Crossing at Isebania
You can cross the border just west of the Masai Mara and Serengeti (between Kenya and Tanzania) at a little border post called Isebania. The problem for a tour operator booking a trip is the unforeseen hold-ups at the border post. The journey is also long and bumpy on both sides of the border, it is still a 6-hour drive to get to a camp in the Mara from Isebania. If you are going from Kenya to Tanzania, you'll be forced to spend an overnight in Mwanza on the Tanzanian side. From there it is also at least a half day drive to most Serengeti camps and lodges. So it's certainly not a time-saver and it is debatable if it will save you any money unless you are traveling in a group.
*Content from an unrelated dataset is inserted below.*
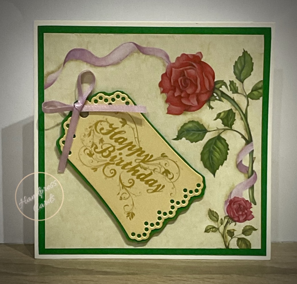 Red Rose Birthday card featuring raised tag with mauve ribbon.
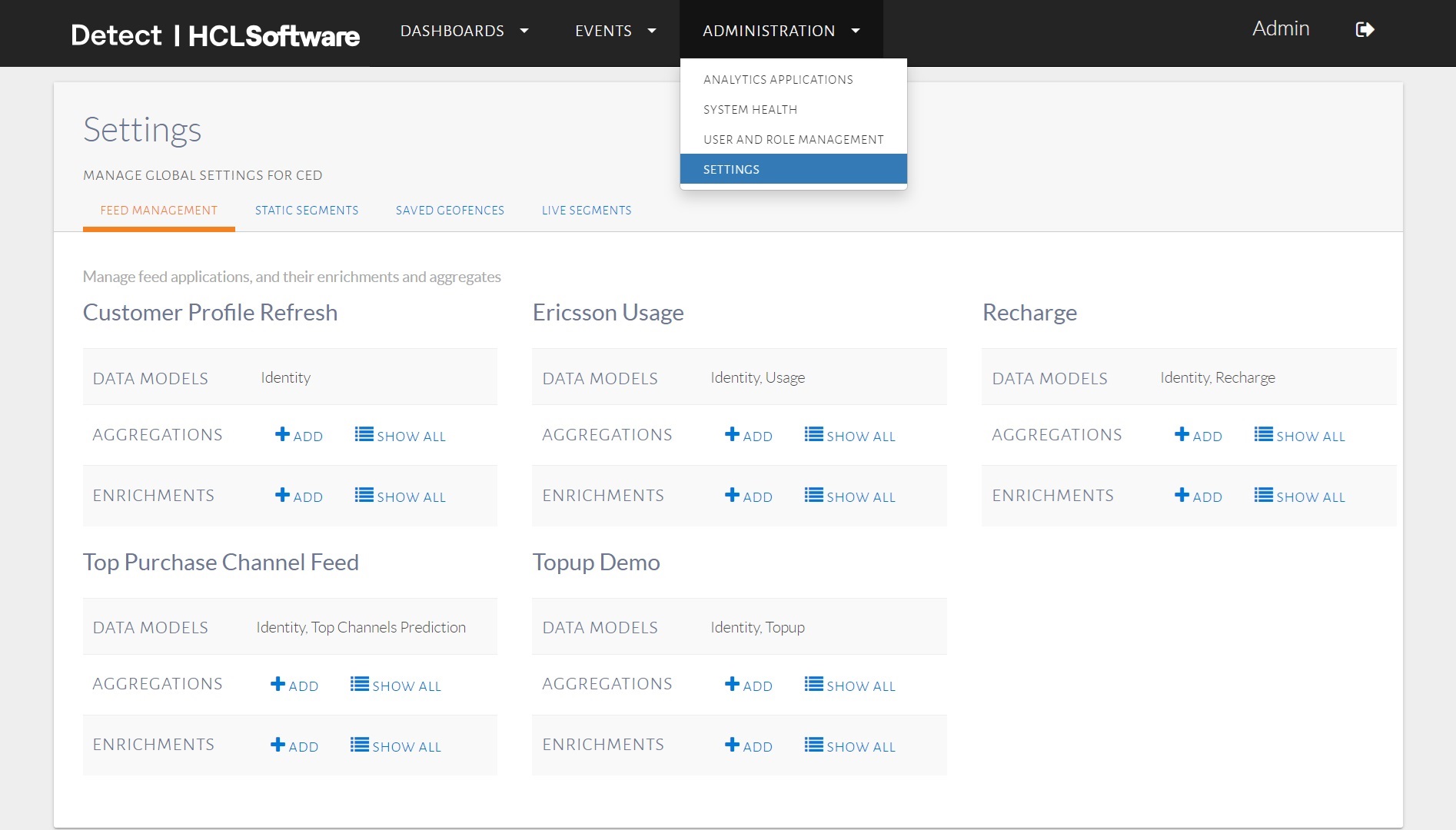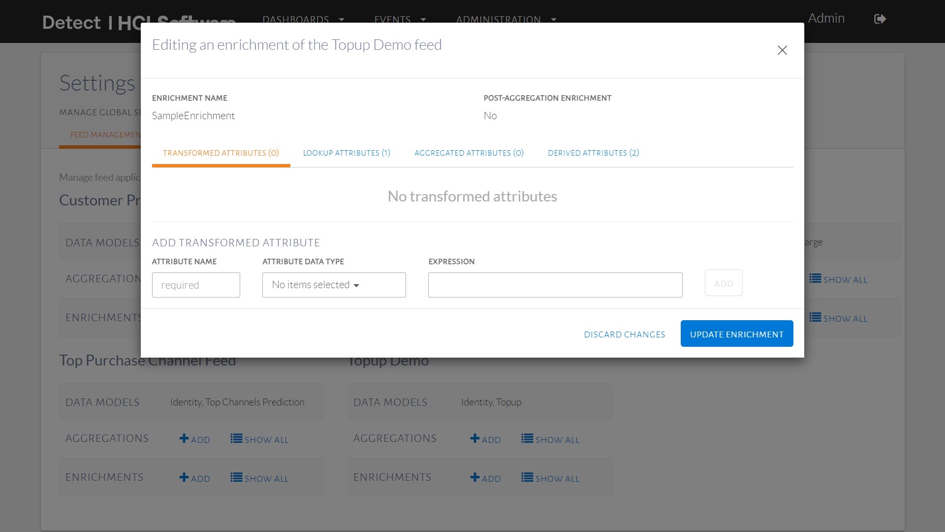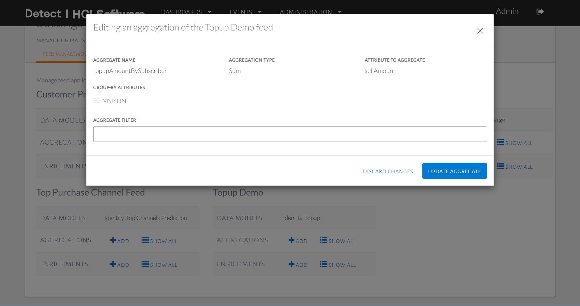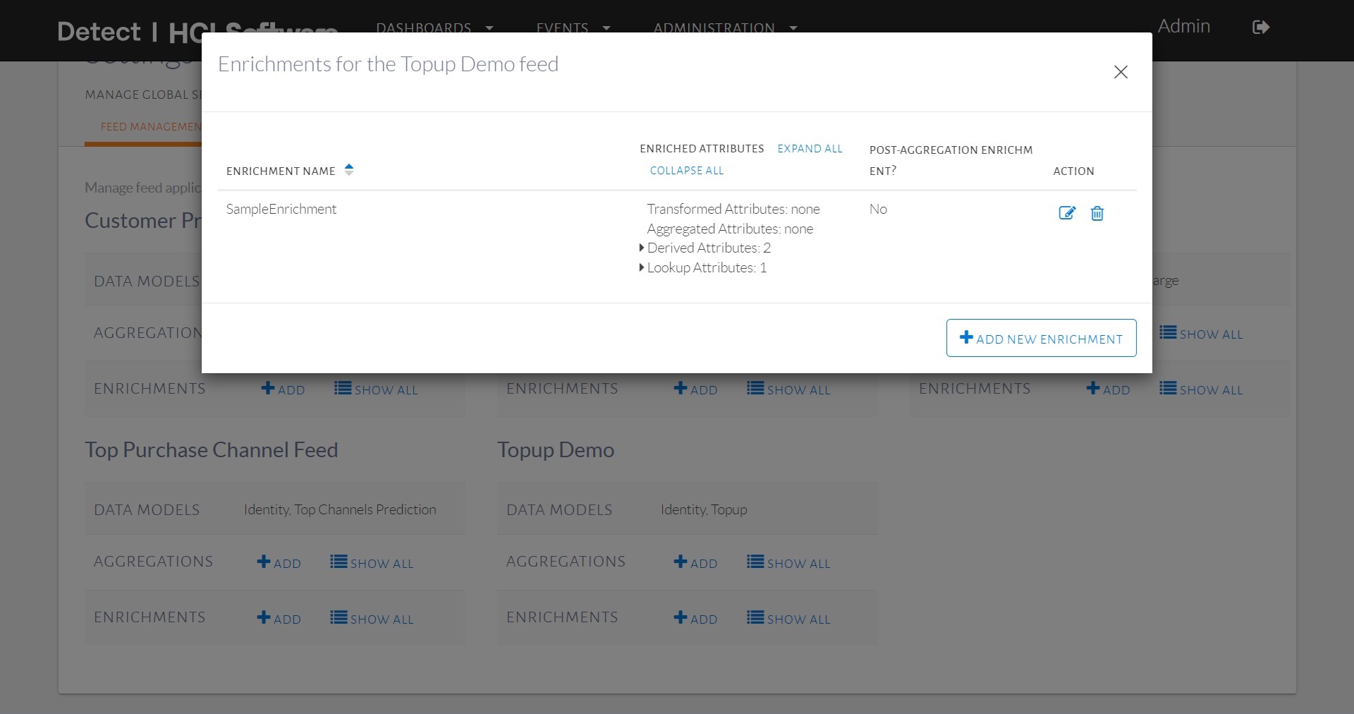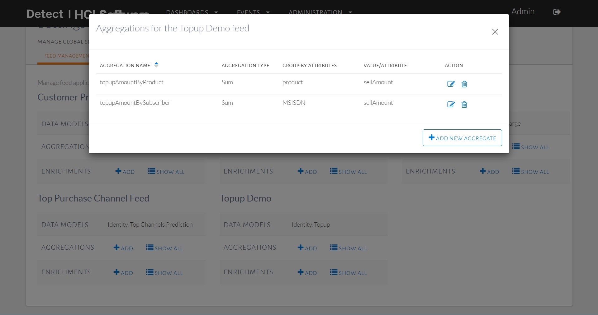 Users with appropriate permissions can view, edit, add, and delete aggregates and enrichments for a given feed application.

Tour operators don't like to offer the land crossing as part of a safari package because it is honestly not a very pleasant trip, but also because vehicles can't cross the borders unless they are registered in both countries (only overland trucks tend to have this type of paperwork). So the tour operator has to have a ground crew in both Kenya and Tanzania to coordinate. If there are delays, or the border is just busy that day, you have two teams on either side waiting for hours not knowing if the clients are lost, or quite when they will show up.
Considering flights are not that expensive, and an airline like Safarlink can get you from the Mara to Arusha in just a few hours. Kenya Airways also operates several flights from the Mara, that connect in Nairobi and get you to Arusha in time to continue on to Ngorongoro for the evening. Alternatively, you can enjoy lunch in Arusha, and be in the Mara in time for a sundowner if you fly the "regular" route.
You can also fly from smaller airstrips in the Mara to Migori, close to the border. You would then hire a van to take you to Isebania, cross the border on foot, and then get a transfer to Tarime airport for a flight to your Serengeti camp. This avoids the backtracking through Arusha and Nairobi but is also a little complicated for those wanting a stress-free vacation.
Land Crossing Information
Namanga, near Amboseli in southeast Kenya, is a better option for those wanting to avoid paying for flights and still wish to enjoy a safari in both countries. Amboseli is a very popular national park in Kenya, and offers excellent wildlife viewing, for elephants in particular. Namanga is more accessible than Isebania, the roads are better on either side of the border as well, which helps reduce delays. You still have to cross the border on foot to meet your Kenyan or Tanzanian driver, but it is easier to coordinate. It takes just two hours or so from the border to get to Amboseli in Kenya, or two hours to get to Arusha from the border in Tanzania.